Ему сделалось жутко. Он вдруг представил коридоры дома, растерзанные тела, лежащие на полу, бедную глупую Бейлин, которая так и не успела достать оружие. Вот где сейчас она его прячет? Под ночной рубашкой, в том месте, в которое не заглядывает солнце?
Должно быть, его взгляд изменился – из глаз Бейлин ушло сочувствие, она вдруг напряглась всем телом, и Ирвин подумал: если понадобится, она сможет ушатать его и без оружия.
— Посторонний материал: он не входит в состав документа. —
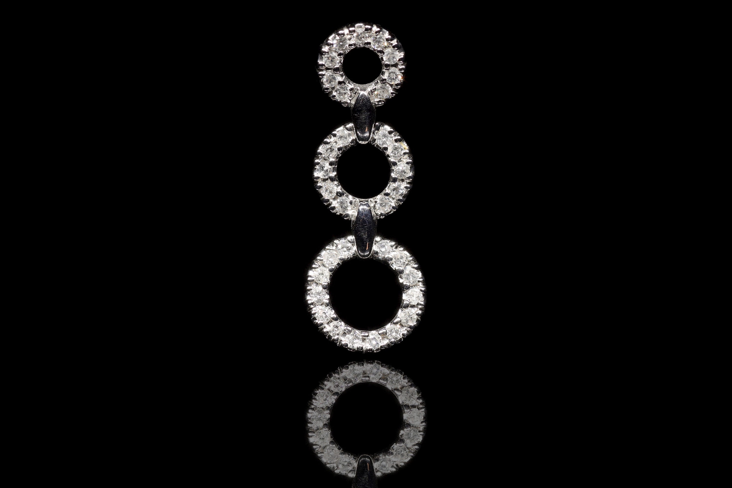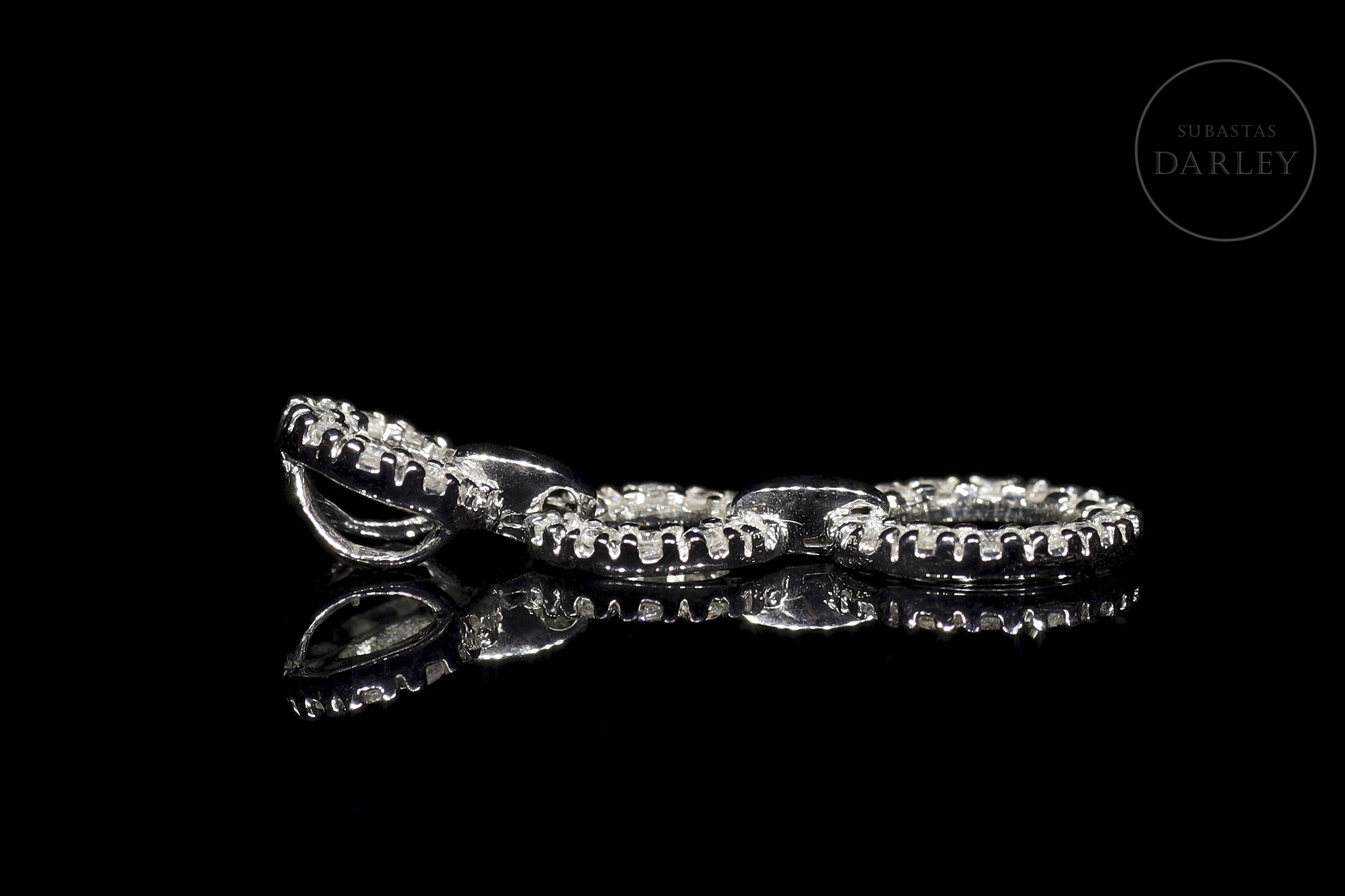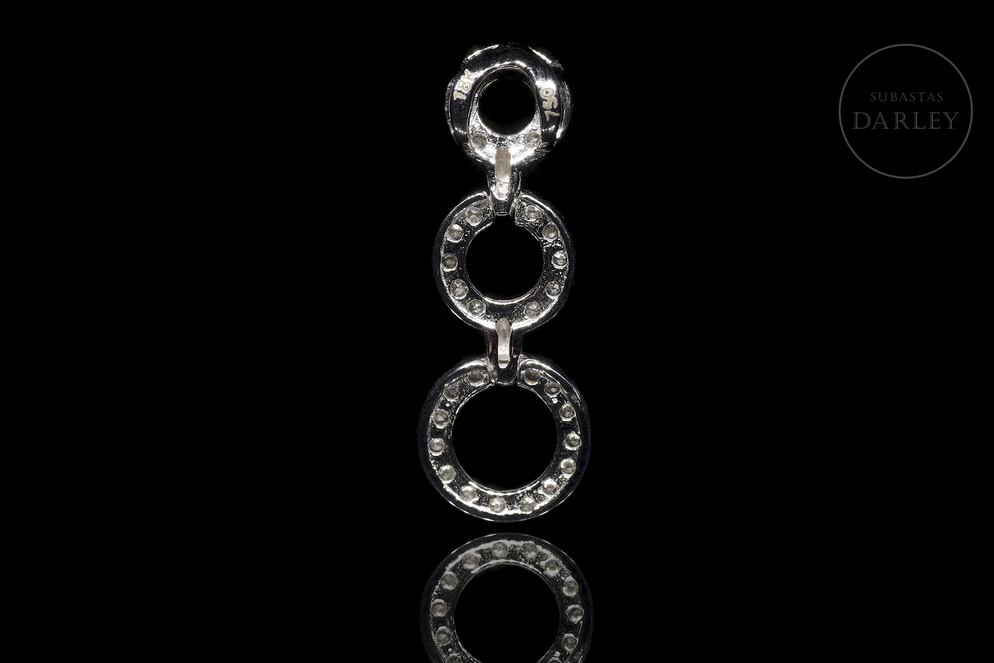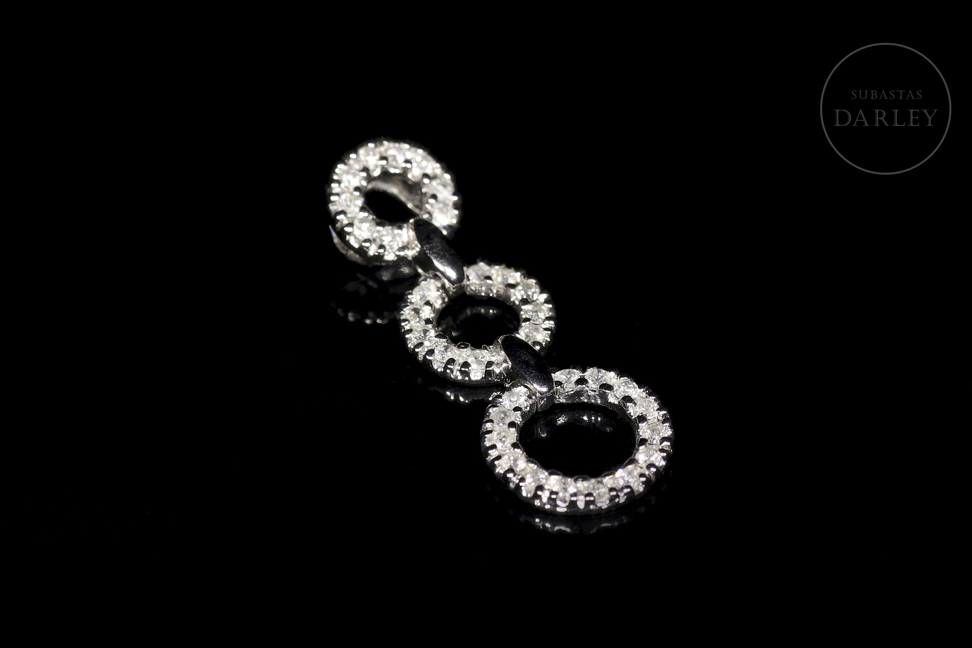 Colgante en oro blanco de 18k con diseño estilizado de tres perfiles ovales dispuestos en línea vertical, unidos por abrazaderas articuladas. Forrado con un total de 32 diamantes talla brillante, engarzados en garras, con peso total de 0,25 cts.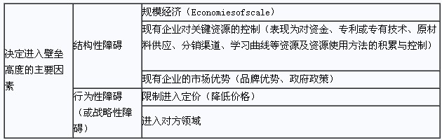 进入威胁的大小取决于呈现的进入障碍(结构性障碍)与准备进入者可能遇到的现有在位者的反击(行为性障碍),统称为进入障碍。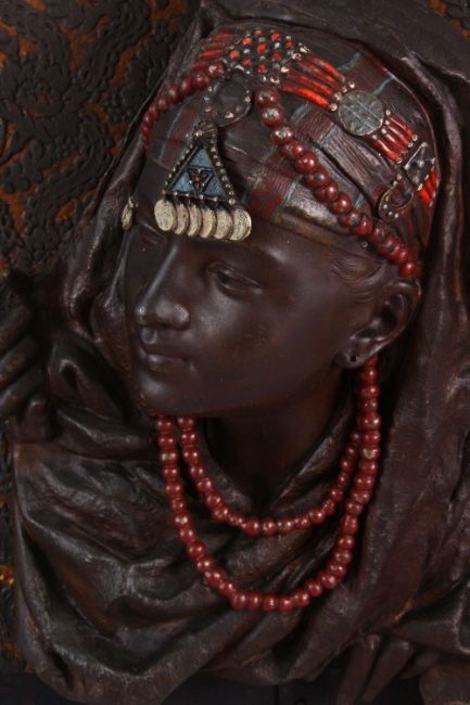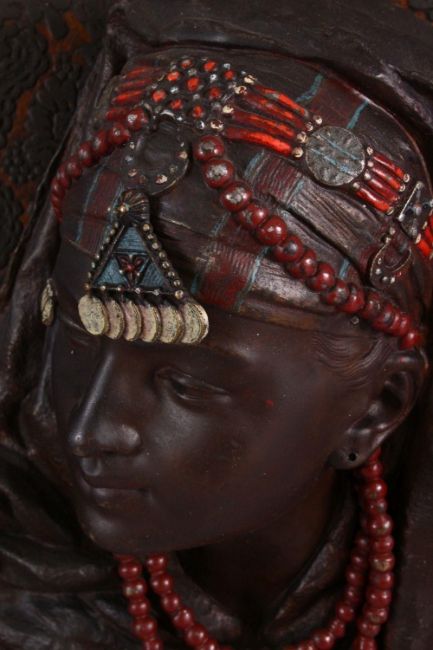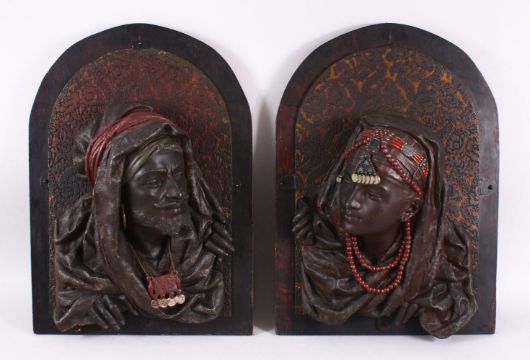 A PAIR OF EGYPTIAN BRONZE RELIEF FIGURAL BUSTS, depicting a prince & princess,each mounted to a wooden plaque, 56cm x 40cm.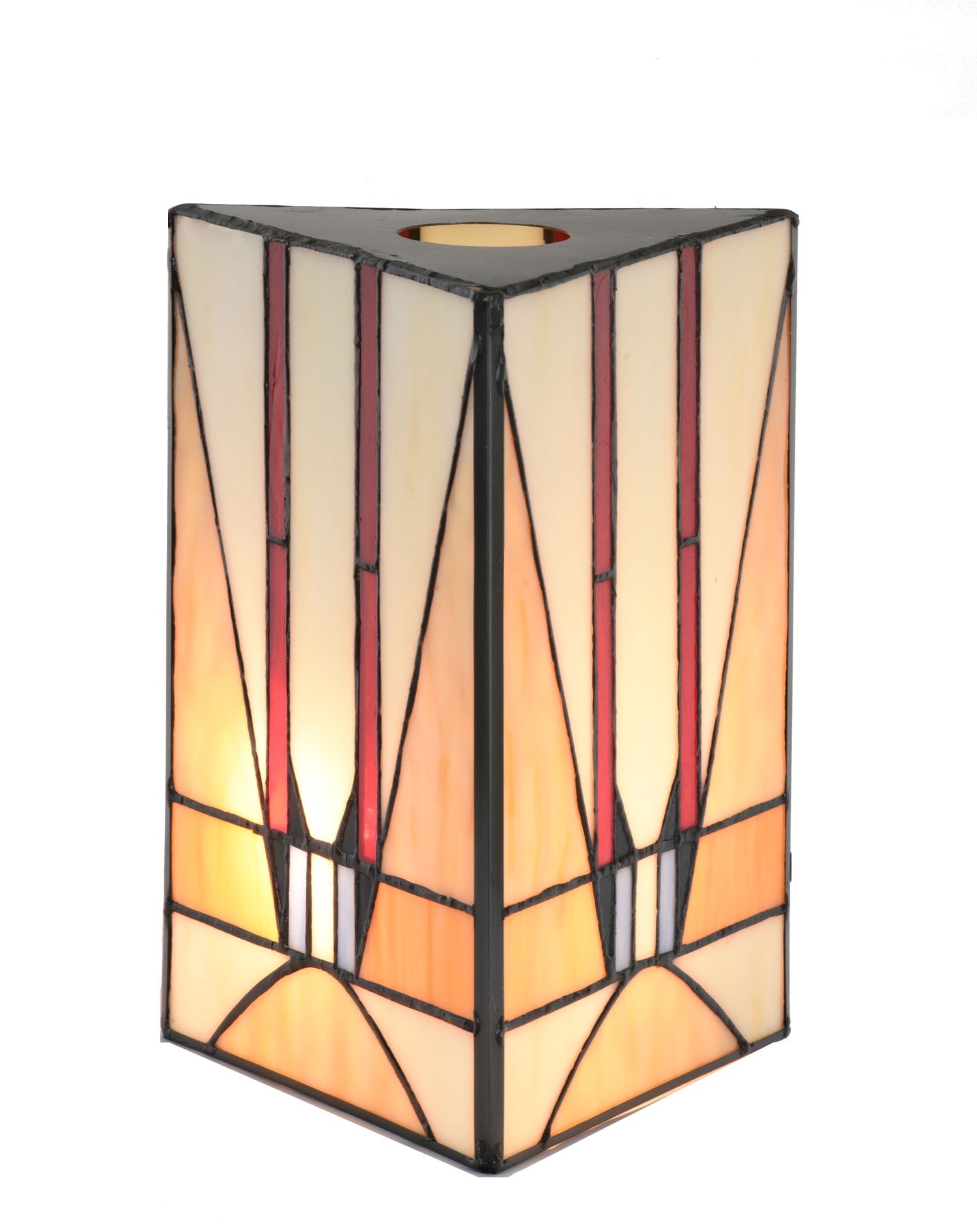 Abat-jour Amsterdam School en verre Tiffany. Excentrique et oh si beau... modélisé dans un triangle fantastique. L'abat-jour en verre est ouvert en bas.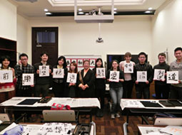 1월 유학생 라운지 '기즈나' 이벤트로 서예가 도리이씨를 초청해 '기즈나 신년 가키조메(붓글씨) 대회'를 개최했습니다. 이번 대회는 2004년부터 '기즈나' 이벤트로서 정착한 것입니다.
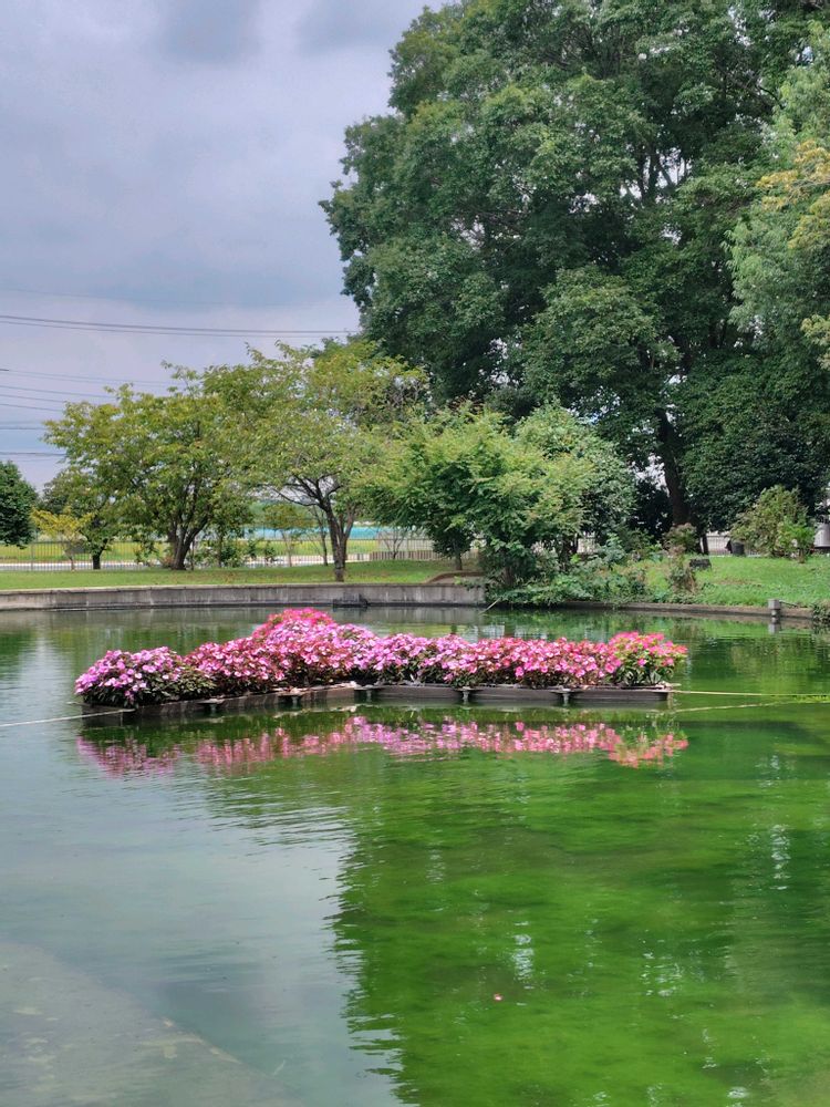 ひょうたん池に浮かぶインパチェンス、池面も華やかですねー✨💍✨🎵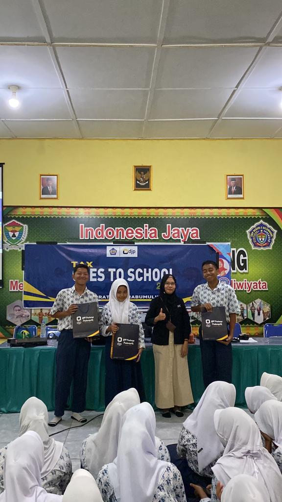 Kantor Pelayanan Pajak (KPP) Pratama Prabumulih mengadakan kegiatan Tax Goes to School (TGTS) 2023 yang dilaksanakan di Aula Sekolah Menengah Pertama (SMP) Negeri 2 Gelumbang, Muara Enim, Sumatera Selatan (Kamis, 20/07).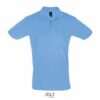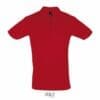 SOL’S PERFECT Pólo SENHOR 180g/m², piqué 180, 100% algodão penteado ringpun, canelado 1×1 na gola e parte inferior das mangas, fita de reforço na gola, mangas curtas, 2 botões perolados na mesma cor de plaquetas, botão suplente no interior, costuras laterais.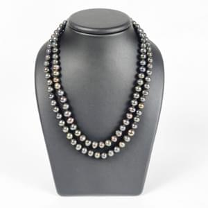 3034. Collier composé de deux rangs de perles d'eau douce noires viola...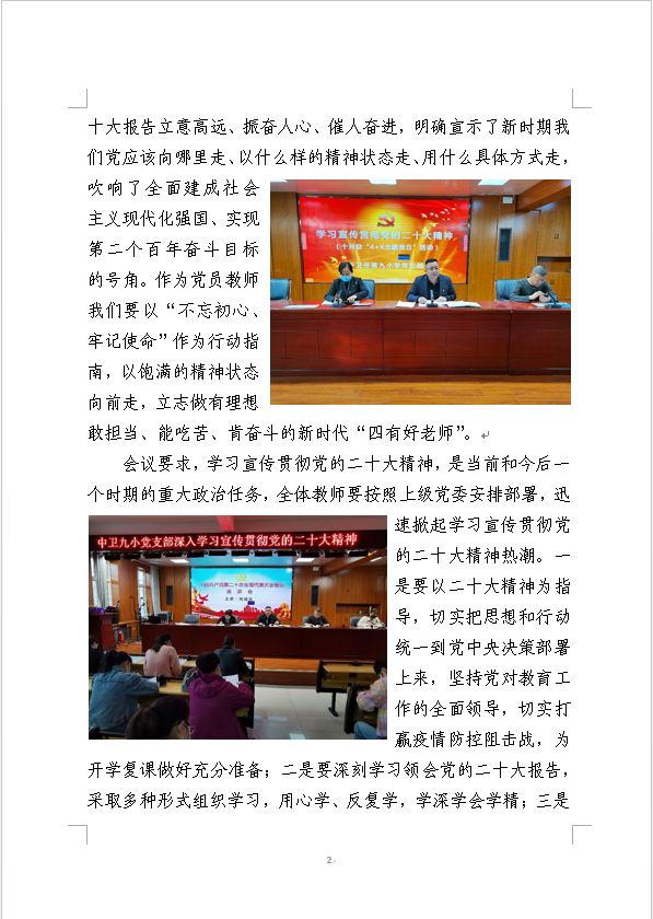 中卫九小支部深入学习宣传贯彻党的二十大精神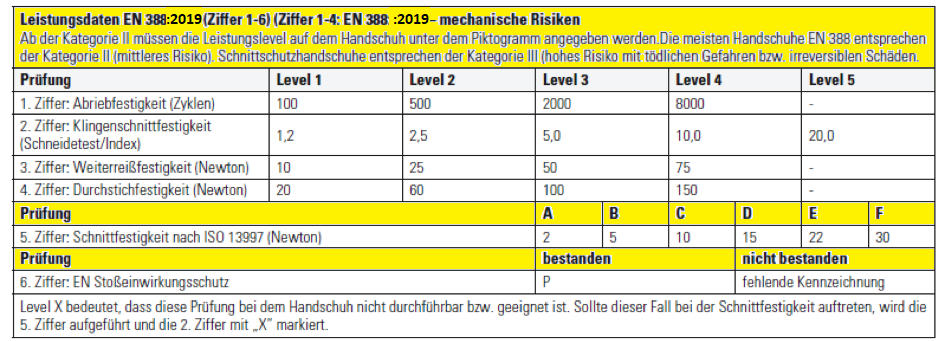 Die EN 388:2019 erklärt die Testverfahren, mit denen alle Schutzhandschuhe der PSA Kategorie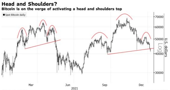 再者,随着周五的下跌,所谓的“头肩顶”型态可能已经被激活,头肩排列是常见的反转型态。2月至5月期间也出现了类似的情况,比特币从近6.5万美元跌至2.88万美元。比特币目前已经打破了关键关口——如果比特币进一步受压,在40600美元的位置失去反转支持,那么会进一步下跌。

– Спасибо тебе, – произнес Ирвин. – Поживешь с нами?
Бейлин кивнула и ответила с серьезностью рыцаря, который получил приказ от своего владыки:
– Конечно. Если что-то понадобится, можете на меня рассчитывать, ваэрин.
Ирвин улыбнулся и пошел по коридору. Офицеры за его спиной вздохнули с облегчением.
Когда в замке повернулся ключ, Ирвину стало спокойнее. Он заперт в комнате, снаружи охрана – даже если он обратится, то все равно не причинит вреда никому из тех, кто в доме. Он вообще отсюда не выйдет – раньше все строили на совесть, у него не выйдет взять и выворотить дверь.
Ирвину хотелось надеяться, что сегодня он не обратится.
Невидимый оркестр ждал. Песня Волчьей луны готовилась зазвучать.
Ирвин прошел в уборную – повернул кран, плеснул ледяной водой в лицо. Это помогло взбодриться; он потряс головой и в очередной раз сказал себе, что все сделал правильно.
Да, кукловод, который направлял Мейв, сегодня победил. Ирвин показал всем, что волк никуда не делся, и полукнязь не может претендовать на место в очереди к короне.
Но он не предал свою истинную. Он не стал марионеткой в чужих руках – и не станет. И никакой кукловод его не заставит.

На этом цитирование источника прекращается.